For a visual, you can see in qgis my occurence points which occur on land in my elevation layer (light green), but appear to be in the ocean in my soil layer (gray). occurence points on mapmore occurence points on map.
Is there any methodology for predicting/filling these NA areas on my raster data? How have other people handled working with soil data in coastal areas?
I have already made sure my data is aligned, cropped, and projected properly. I have also thought to just reduce my dataset to only using the occurence points in presence areas, by running an ensemble of small models (Breiner 2015, 2018). But, I am still worried how representative the model will be if I have to exclude many occurence points in coastal areas.

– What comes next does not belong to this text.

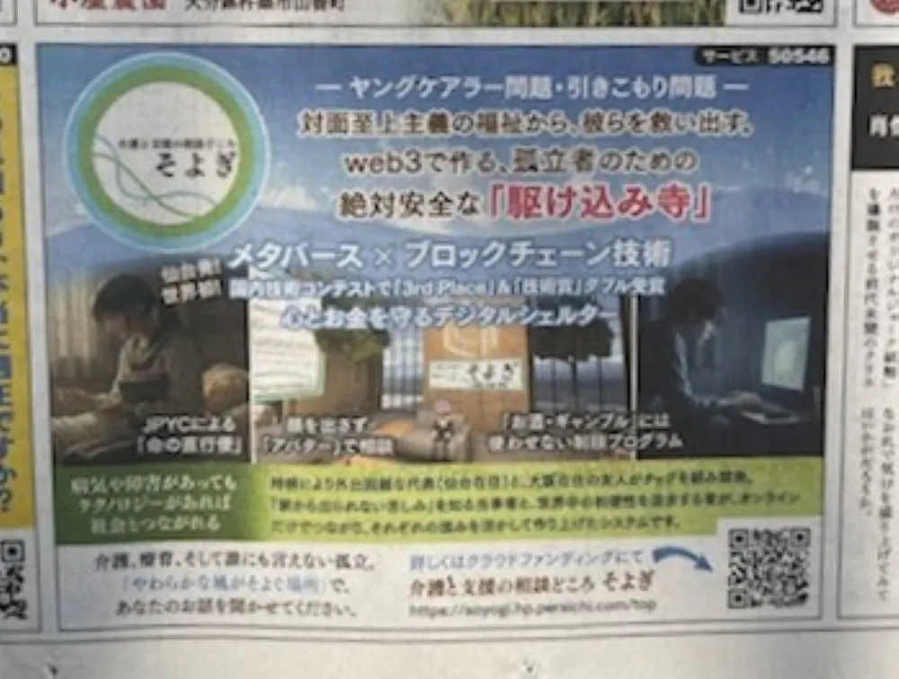 もっと見る いつも温かいご支援と応援をいただき、本当にありがとうございます。「介護と支援の相談どころ そよぎ」代表のヒロです。本日は、プロジェクトを応援してくださる皆様に、2つの大きな前進をご報告させてください!■ 1. 本日(3月10日)のスポーツニッポン(西日本版)に掲載されました!(※ここにスポニチの掲載画像を挿入してください)ついに本日発行のスポニチに、そよぎの活動を掲載していただきました。私たちが今回メディア掲載にこだわったのには、明確な理由があります。それは、虐待や孤立で極限状態にある当事者が「そよぎ」のサイトに辿り着いたとき、「怪しい詐欺サイトじゃないか?」という警戒心を解き、安心してもらうためです。「新聞という公的な場所に載っている窓口なんだ」という事実が、彼らを守る最大の信用(お守り)になります。■ 2. 深夜のSOSに直接届ける「YouTubeバンパー広告」を開始しました!新聞掲載のタイミングに合わせ、YouTubeでの6秒動画広告(スキップ不可のバンパー広告)の配信も自力で設定し、無事にスタートさせました。ターゲットは、深夜に布団の中で「親 逃げたい」「ヤングケアラー」と検索している当事者のスマホです。支援者が探しに行くのではなく、誰にも言えない苦しみを抱えている彼らの日常の画面へ、「声を出さなくていい、安全な避難所があるよ」というメッセージをピンポイントで直接届けています。稼働してすぐに、すでに数百回規模で当事者の目に触れ始めています。■ 最後に既存の福祉の窓口に行けない、電話もかけられない。そんな「見えない孤立」の中にある命へ、そよぎの存在が着実に届き始めています。クラウドファンディングの挑戦も、まだまだ続きます。メタバースシェルターと、奪われないデジタル財布(ギフテラ)のシステムをさらに強固にし、一人でも多くの若者を救うため、引き続きの応援と、SNS等での情報の拡散(シェア)に何卒ご協力をお願いいたします!

Any thoughts or suggestions would be much appreciated!
`# 2013 WDC Soils
#load soils --------
filelist_temp <- list.files(path = "map/", full.names = TRUE)
soil30 <- rast(filelist_temp)
res(soil30)
ext(soil30)
cec1k <- rast("C:/intsia/cec_0-5cm_mean_1000.tif")
#reproject via bilinear interpolation
cec <- project(cec1k, soil30)
res(cec)
ext(cec)
#stack soils
soil <- c(cec, soil30)
#crop to sea extent
soil_crp <- crop(soil, e.bij)
#aggregate
soil5 <- aggregate(soil_crp, fact=5, fun = "mean", progress="text")
rm(soil, cec, cec1k, soil30, soil_crp)
#check crs
crs(soil5[[1]]) == crs(wind5[[1]]) #true
#check ext
ext(soil5[[1]]) == ext(wind5[[1]]) #true`